## Work order:
In the entries below, begin at the line that has "Edit 2024-01-18: added" and stop after the line that has "জয়তুন ওয়েলফেয়ার ট্রাস্টের"; output those lines exactly, leaving out pictures.

## Exercise data:

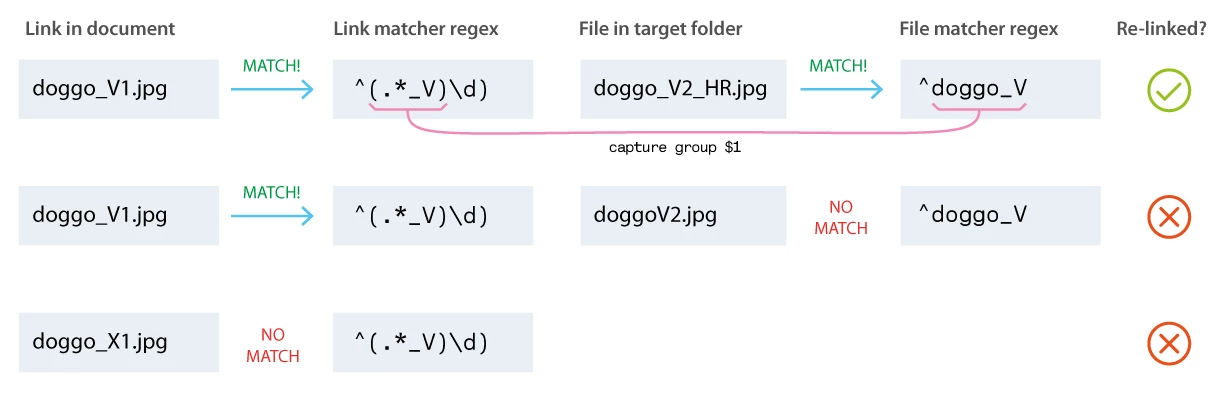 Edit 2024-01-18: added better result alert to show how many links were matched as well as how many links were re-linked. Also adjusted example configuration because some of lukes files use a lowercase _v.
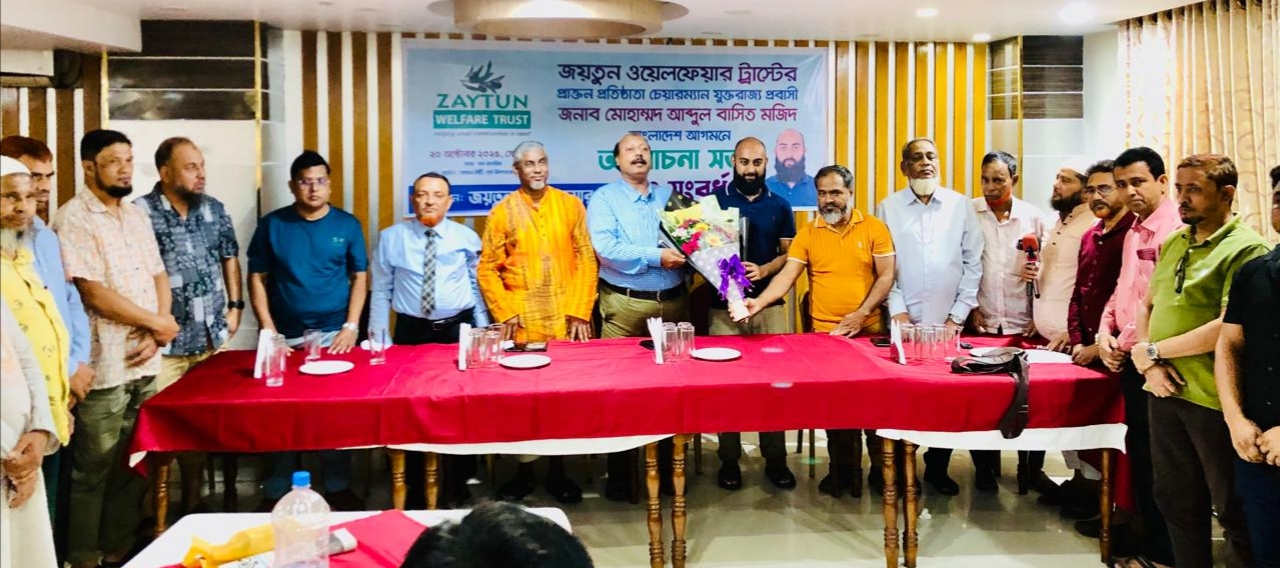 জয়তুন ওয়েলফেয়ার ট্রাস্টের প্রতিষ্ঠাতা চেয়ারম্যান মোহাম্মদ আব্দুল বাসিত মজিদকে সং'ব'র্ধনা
---
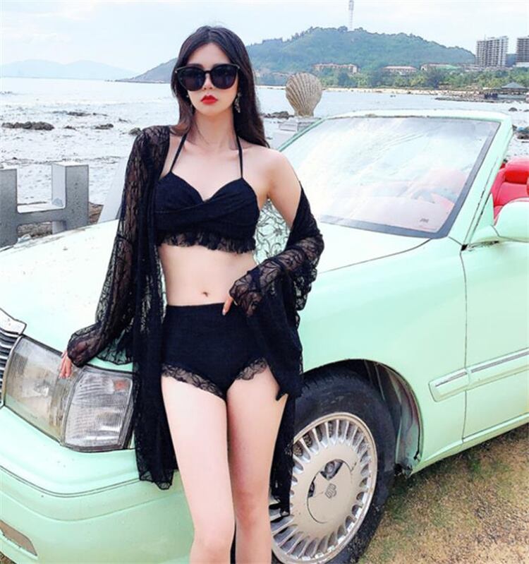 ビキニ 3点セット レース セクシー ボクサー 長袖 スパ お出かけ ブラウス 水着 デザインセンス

## Answer to this exercise:
 Edit 2024-01-18: added better result alert to show how many links were matched as well as how many links were re-linked. Also adjusted example configuration because some of lukes files use a lowercase _v.
 জয়তুন ওয়েলফেয়ার ট্রাস্টের প্রতিষ্ঠাতা চেয়ারম্যান মোহাম্মদ আব্দুল বাসিত মজিদকে সং'ব'র্ধনা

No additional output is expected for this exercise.